The Joint Economic Committee (JEC) held a hearing today on the outlook for the U.S. economy. JEC Chairman Maloney’s written statement echoed many of the same sentiments she expressed during last week’s hearing. She noted that the JEC was “eagerly awaiting” the results of the “stress test” of the nation’s 19 largest bank holding companies. She also commended the witness, Ben Bernanke, Chairman of the Federal Reserve, for his leadership in (i) implementing new rules to prevent unfair and deceptive practices related to credit cards; and (ii) for establishing greater transparency at the Federal Reserve.

In his testimony, Chairman Bernanke discussed recent economic developments. Although he expects that the labor market will “likely see further sizable job losses and increased unemployment” over the next few months, he noted that “recent data also suggest that the pace of contraction may be slowing, and they include some tentative signs that final demand, especially demand by households, may be stabilizing.” In response to a question from Chairman Maloney about whether there was “any good news” for the economy, Chairman Bernanke was cautiously optimistic that, as the decline in inventory levels led to an increase in production and household demand stabilized, the economy would experience “positive growth by the end of the year.”

Chairman Bernanke also described the efforts taken to restore stability to the financial system, and discussed the “stress test” performed by the federal bank regulatory agencies on the 19 largest bank holding companies under the Capital Assistance Program. He explained that the delay in the release of stress test results was required by (i) the expansive nature of the examination, (ii) the opportunity given to the companies to provide additional explanation and correct misstatements or communication errors, and (iii) time spent by the agencies to ensure that the results of the examination were as accurate as possible.

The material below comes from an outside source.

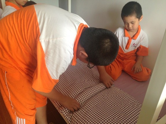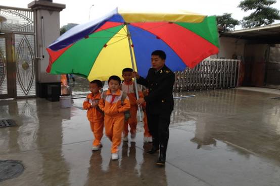 秋冬之交,细心的生活老师会在孩子运动后垫一块背心;当孩子出现偏食的时候,老师会耐心指导;当下雨的时候,校警叔叔撑着大花伞护送孩子进出校园等等......

In responding to a question about the concept of “too big to fail,” Chairman Bernanke stated that “too big to fail” was not a policy or a doctrine but rather a problem. He stated that the problem resulted from a lack of legal authority to engage in the orderly resolution of large institutions and holding companies that were not banks. Under current law, he continued, there is no resolution regime to safely unwind a large company in a manner analogous to the FDIC receivership process used for banks.